Assembling WebAssembly

We’re pleased to announce that WebKit has a full WebAssembly implementation.

Dynamic Duo

WebAssembly is a no-nonsense sidekick to JavaScript. It isn’t meant to be hand-written; rather, it’s a low-level binary format designed to be a suitable compilation target for existing languages such as C++. The WebAssembly code that the browser sees will already have undergone high-level, language-specific optimizations. This is great because it means implementations don’t have to know about how C++ or other languages are optimized. Running expensive language-specific optimization on the developers’ machines allows WebKit to focus on target-specific optimizations. It also means that we can focus WebAssembly compiler optimizations on fast code delivery and predictable performance.

WebAssembly cannot do everything that JavaScript does. For example, WebAssembly cannot access the DOM except by calling into JavaScript. WebAssembly is meant to be used in conjunction with JavaScript. The JavaScript / WebAssembly dynamic duo work in partnership, allowing JavaScript to stay focused on taking over the world, while WebAssembly accelerates computation-intensive tasks.


JavaScript and its sidekick, cosplaying as 1966 Batman

The web wouldn’t be itself without security and portability. WebAssembly delivers on both fronts.

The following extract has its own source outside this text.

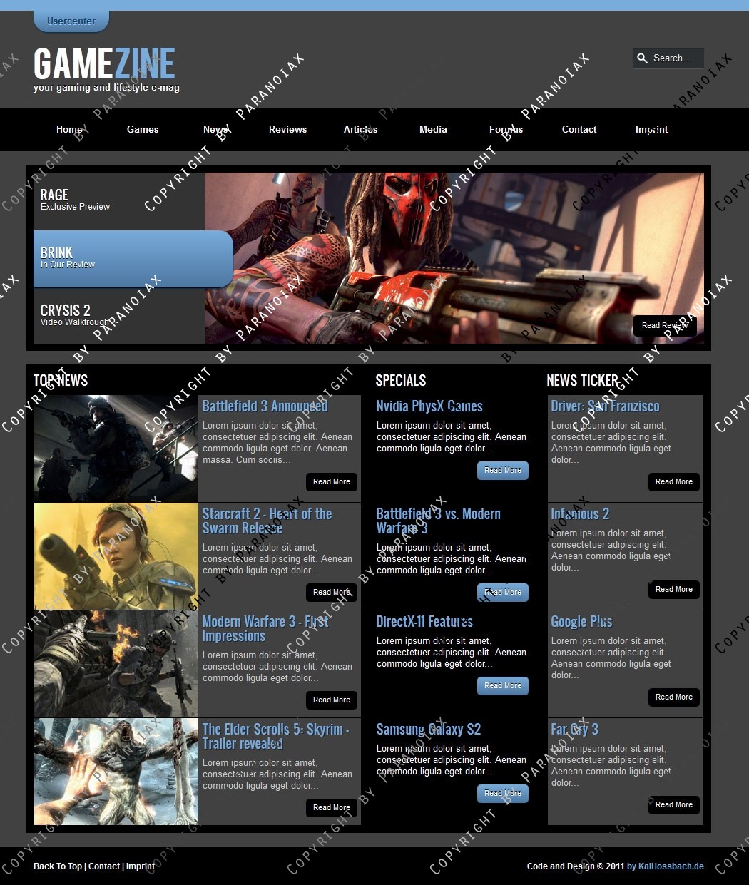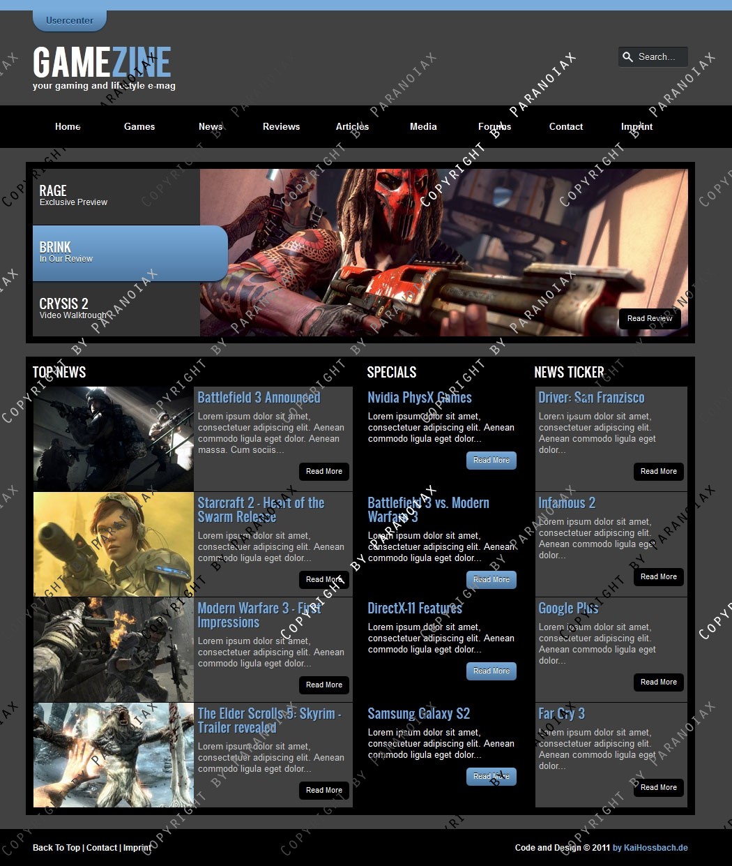 Auch als HTML Template erhältlich: http://www.clandesigns.de/templates/2748/gamezine-html5-css3-template/
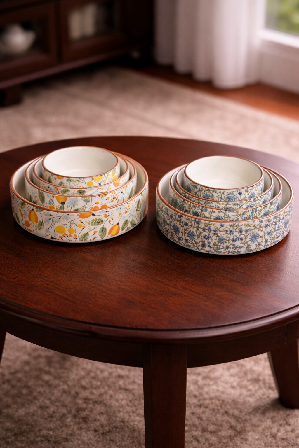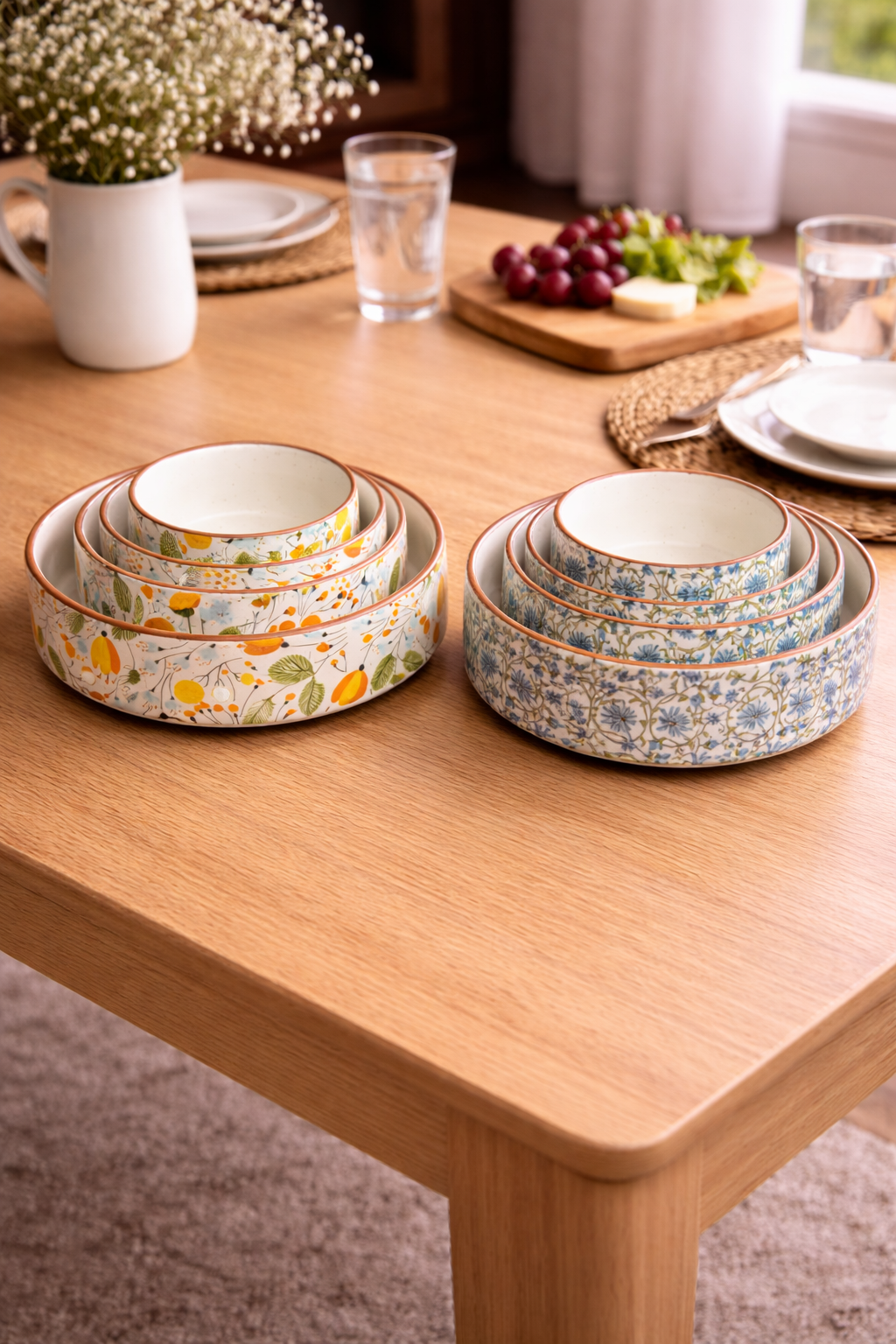 Bring elegance and charm to your dining experience with this beautiful ceramic bowl set, featuring intricate floral and botanical patterns. Designed to combine functionality with artistic appeal, this set includes multiple bowl sizes, perfect for serving a variety of dishes in style.

It executes C++ code at near native speed with the same joker-less security guarantees that JavaScript offers. Our implementation supports WebAssembly on x86-64 as well as ARM64 platforms. Portable performance is really where WebAssembly shines: the WebAssembly virtual Instruction Set Architecture was designed to be an ideal compilation target for today’s modern processors.

Sidekick

WebAssembly fits in with the rest of the web platform, as a good sidekick would. It re-uses existing web APIs and exposes a new JavaScript API. WebAssembly has four core concepts: WebAssembly.Module, WebAssembly.Instance, WebAssembly.Memory, and WebAssembly.Table. A module represents code and is similar to a program on disk, whereas an instance is an execution of that program. There can be multiple concurrently executing instances of the same module. Finally, a memory represents an instance’s heap. It is contiguous, bounds-checked, and can be exposed to JavaScript as an ArrayBuffer. All WebAssembly memory operations operate on the instance’s memory. Finally, a table holds handles to WebAssembly functions, allowing indirect calls within an instance to target different functions with the same signature (in C++-speak: virtual functions and function pointers). Interestingly, instances can share the same memory, and tables can call directly across instances which enables dynamic linking.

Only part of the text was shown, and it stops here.